Alendronate May Provide Cardiovascular Benefits; Plus FDA Approves Subcutaneous Tocilizumab

New research has linked alendronate to reduced cardiovascular death in hip fracture patients. Also the U.S. Food and Drug Administration (FDA) approved subcutaneous tocilizumab for treating polyarticular juvenile idiopathic arthritis (PJIA) in patients age 2 and older.

Alendronate May Benefit the Heart
In a recent study, alendronate was linked to a reduced risk of cardiovascular death, myocardial infarction and stroke in hip fracture patients.¹ These reductions occurred within 10 years after the hip fracture.

The study enrolled 34,991 patients with new hip fractures from 2005–2013 and followed them until late 2016. Of these patients, 13% received osteoporosis treatment during follow-up.

Alendronate use was associated with a 67% lower risk of one-year cardiovascular death and a 45% lower risk of myocardial infarction. Additionally, alendronate use was associated with an 18% reduced risk of stoke within five years and a 17% reduced risk of stroke within 10 years.

FDA Approves Tocilizumab for Juvenile Arthritis
On May 14, the FDA approved the subcutaneous formulation of tocilizumab (Actemra) for treating active polyarticular juvenile idiopathic arthritis (PJIA) in patients age 2 and older. Tocilizumab can be given as monotherapy or in combination with methotrexate in patients with PJIA. In 2013, tocilizumab was approved for these patients, but in only an intravenous formulation.

JIA affects approximately 100 in every 100,000 children, 30% of whom have PJIA. This approval is based on data from the JIGSAW-117 study.
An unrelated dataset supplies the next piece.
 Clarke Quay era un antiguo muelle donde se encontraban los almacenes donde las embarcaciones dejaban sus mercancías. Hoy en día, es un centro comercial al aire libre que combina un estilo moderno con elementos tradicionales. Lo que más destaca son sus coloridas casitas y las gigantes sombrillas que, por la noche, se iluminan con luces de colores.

This 52-week, open-label, multicenter, Phase 1b pharmacokinetic/pharmacodynamic bridging study was designed to determine the appropriate dosing regimens of subcutaneous tocilizumab for a range of children’s body weights.
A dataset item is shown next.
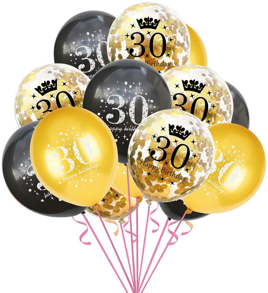 15 Packs Confetti Balloons 12 Inch Latex Clear Birthday Balloons (30 years old) - With Helium

Fifty-two PJIA patients, ranging in age from 1–17 years old, were enrolled in the study. Previously, these patients had inadequate responses or were intolerant to methotrexate. Patients could be tocilizumab naive or receiving intravenous tocilizumab with adequate disease control. Patients were given doses based on body weight: PJIA patients weighing less than 30 kg received 162 mg tocilizumab every three weeks, and PJIA patients weighing more than 30 kg received 162 mg tocilizumab every two weeks. Model-computed pharmacokinetic/pharmacodynamic parameters and safety were assessed.
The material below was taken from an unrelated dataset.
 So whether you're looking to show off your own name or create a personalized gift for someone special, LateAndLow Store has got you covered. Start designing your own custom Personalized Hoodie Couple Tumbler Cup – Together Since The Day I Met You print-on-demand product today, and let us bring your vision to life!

The safety profile was similar to intravenous tocilizumab. However, patients using subcutaneous tocilizumab had more injection site reactions and neutropenia. Injection site reactions were reported in 29% of patients, but were mild in severity, none requiring treatment withdrawal or dose interruption. A decrease in neutrophil counts below 1×10⁹/L occurred in 15% of patients and was more frequently observed in the patients weighing less than 30 kg (26%) compared with patients who weighed 30 kg or more (4%).